Sunday, April 19, 2015

PC link to SAC Interface Box operating,. now working on validating the commands and responses


Last night I redesigned the logic for the PC link, building up in layers from a solid approach. The innermost logic is a state machine that reads two words from the PC then waits until triggered to write back words or return to idle waiting for the next input. The next level up establishes the transactions, such as 'store in core' or 'trigger interrupt' or 'fetch WCA address'.

The transactions consist of a command word followed by a second word - the command may request an action or it may ask for data. These types are called imperative and interrogative respectively. Each transaction ends with an echo of the first (command) word and either an echo of word 2 for imperatives or some data returned as the second word for interrogatives.

The lowest level machine - to read two words then write a variable number of words - should be set as it is, subject to testing. The next machine, establishing transactions, is the one that also sets up the outgoing data or latches incoming values, so it needs to be more carefully written to work with the lowest machine. The transactional machine waits after it latches in the second word, having set off another state machine assigned to each command. When the other state machine has completed its function, it triggers the transaction machine when then writes back results until done.

Building up the layers involved various FSMs that will produce an output word that is transmitted back to the PC at the end of a transaction. I was most concerned with the FSM to send back status words, as that should be easiest to test. After that, I would work on the machines that load the SAR and SDR shadow registers. Finally, a test of cycle steal fetch and store would be a solid stopping point. For each test, I worked out some diagnostic signals to emit on the temporary lights.

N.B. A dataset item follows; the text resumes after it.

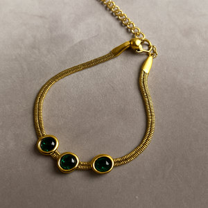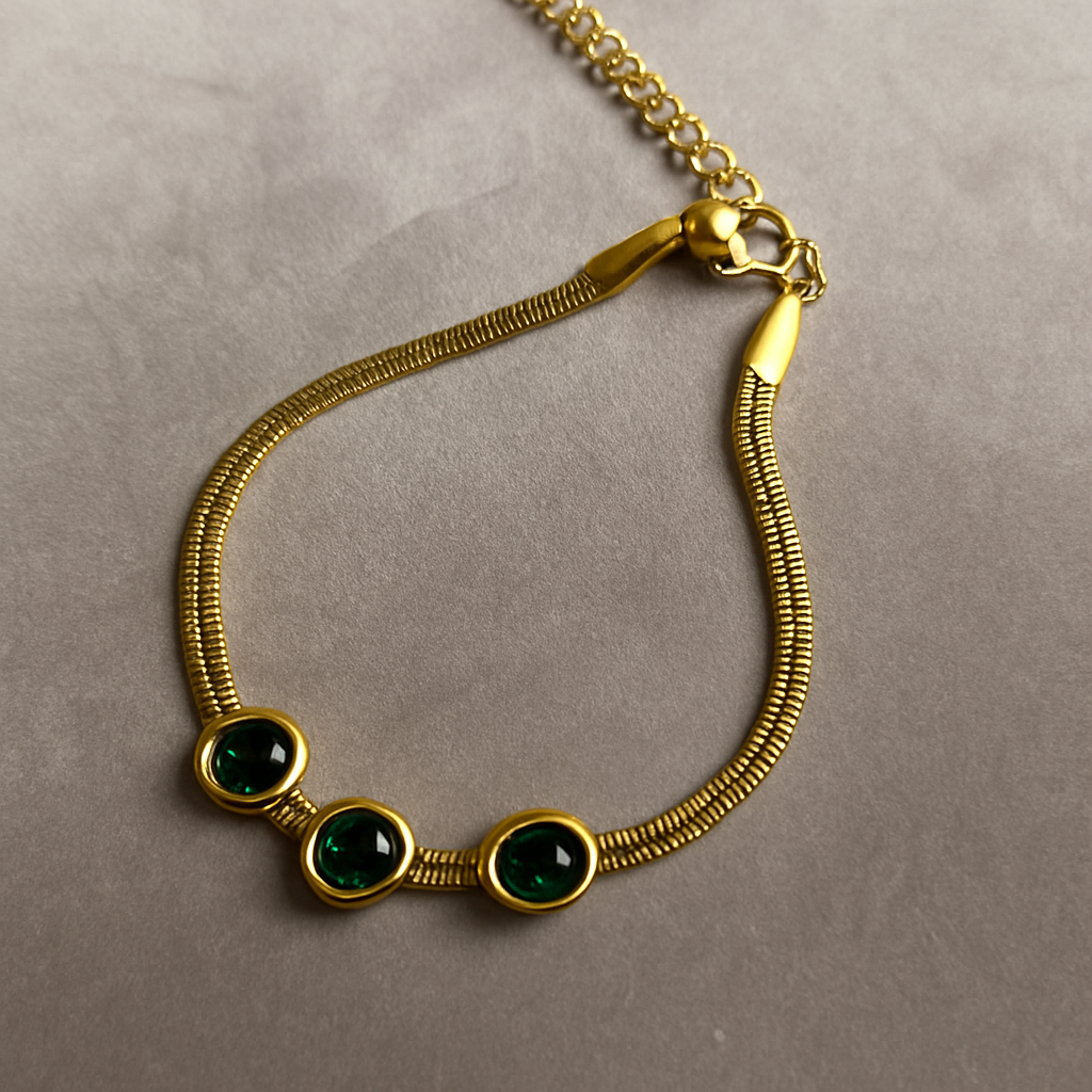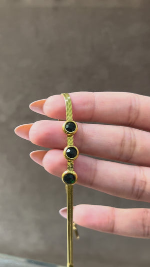 Elevate your style with our Mung Bean Snake Bracelet. This elegant yet affordable fashion piece is crafted with precision and timeless appeal. Designed in Pakistan, its sleek black stones offer a bold, luxurious finish. Whether worn solo or layered, it adds sophistication to every look.

The first test was to watch the link while the Python program sends a status request to the box and the box returns the correct status. I will be able to tell if the innermost link FSM completes or sticks in one state, same with the transactional FSM. I also watched to see what command was latched and the word sent back from the viewpoint of the fpga.

The link was not working and I wasn't sure which side of the link was at fault. After some detailed testng I found a couple of flaws in the fpga logic and successfully get through the innermost FSM, latching in the command and data words. The higher level transaction FSM recognizes the send status command, fired off that state machine, received the completion trigger and wrote both words back.

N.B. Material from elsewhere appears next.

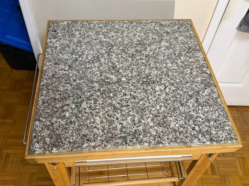 Versatile kitchen cart with a granite top, bamboo frame, a drawer, and a pull-out wire basket. Features a shelf, wine rack, and side hooks. Easy to move with wheels. Local pick up near Steeles and Dufferin. Cash only.

The problem I am now having is a timeout on the PC side trying to read the second word. It will take a bit of investigation to determine whether I failed to send the second word or whether the code on the PC side is in error. The general functioning of the link and transaction machines seem good.

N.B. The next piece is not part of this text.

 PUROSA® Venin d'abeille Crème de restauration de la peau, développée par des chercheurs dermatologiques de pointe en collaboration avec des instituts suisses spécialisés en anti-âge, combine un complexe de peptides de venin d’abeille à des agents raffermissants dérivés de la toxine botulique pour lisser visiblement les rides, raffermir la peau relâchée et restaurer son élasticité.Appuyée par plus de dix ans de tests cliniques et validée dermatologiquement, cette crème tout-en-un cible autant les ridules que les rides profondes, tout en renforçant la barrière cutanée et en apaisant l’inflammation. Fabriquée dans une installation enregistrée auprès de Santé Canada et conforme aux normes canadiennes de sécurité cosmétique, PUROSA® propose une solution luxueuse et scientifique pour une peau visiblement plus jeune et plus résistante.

I did have a problem with the pyusb code on the PC side, which is now fixed. At this point, I sent a Status Request interrogative to the fpga and got back the echo of those two words. I will go through some additional functionality next, first loading the SAR shadow register and then doing a cycle steal fetch and a store.  I had to change the instrumentation in order to diagnose these next steps. It was getting late so the remaining testing time was limited.

The second word returned on each transaction should be either an echo of what I sent for an imperative type ("do this") command, or a value for an interrogative type ("give me this") command. The Status Command is interrogative but I received the same value I sent for word two. The Set SAR imperative command should echo what I sent but it returned all zeroes. Further, I didn't see my diagnostic lights indicating the value I sent for word two.

I have a link operating and the basic transaction completing, but the higher level functions including determining what to write back at transaction end are not yet debugged. Basically just slow careful slogging through the logic, doing tests and reconfiguring until it is all vetted (and fixed where defective).